EXERCISE DIRECTIONS
Within the listing that follows, reproduce exactly the lines starting at the line with "Adopting an exploratory" and ending at the line with "V bytě je položena", inclusive, and only those. Pictures are dropped.

MATERIAL PROVIDED
Content starts

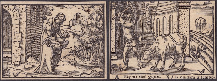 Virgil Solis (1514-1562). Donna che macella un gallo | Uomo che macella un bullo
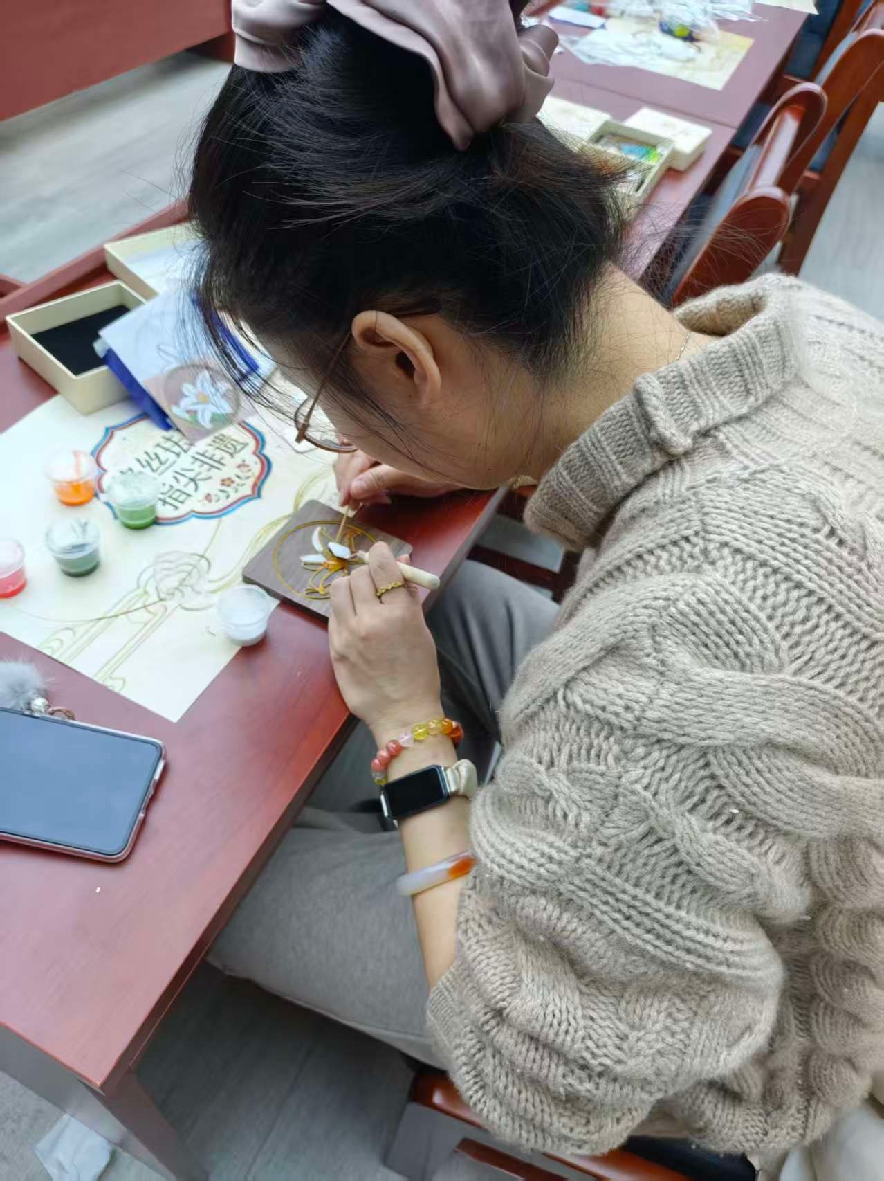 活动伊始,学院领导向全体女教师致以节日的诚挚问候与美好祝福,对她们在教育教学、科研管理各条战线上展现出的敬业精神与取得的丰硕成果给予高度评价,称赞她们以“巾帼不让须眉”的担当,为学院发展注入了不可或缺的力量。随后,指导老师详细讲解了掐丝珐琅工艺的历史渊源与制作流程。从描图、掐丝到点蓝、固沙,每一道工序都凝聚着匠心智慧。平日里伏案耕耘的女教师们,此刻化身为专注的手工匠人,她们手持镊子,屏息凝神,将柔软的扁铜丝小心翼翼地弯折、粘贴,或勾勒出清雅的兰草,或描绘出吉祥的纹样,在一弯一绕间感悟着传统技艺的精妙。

Content ends
Content starts

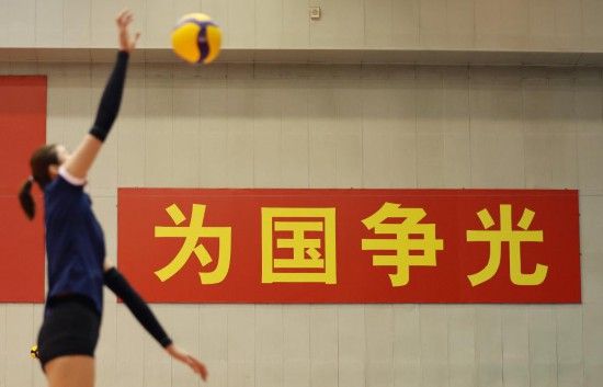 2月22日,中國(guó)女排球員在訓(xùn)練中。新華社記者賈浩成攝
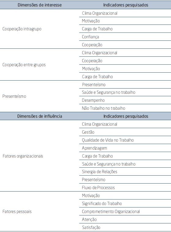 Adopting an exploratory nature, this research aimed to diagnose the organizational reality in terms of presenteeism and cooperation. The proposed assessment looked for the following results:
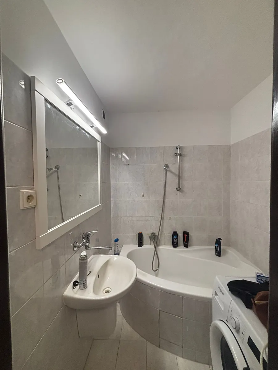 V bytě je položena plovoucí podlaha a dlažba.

Content ends

WRITTEN SOLUTION
 Adopting an exploratory nature, this research aimed to diagnose the organizational reality in terms of presenteeism and cooperation. The proposed assessment looked for the following results:
 V bytě je položena plovoucí podlaha a dlažba.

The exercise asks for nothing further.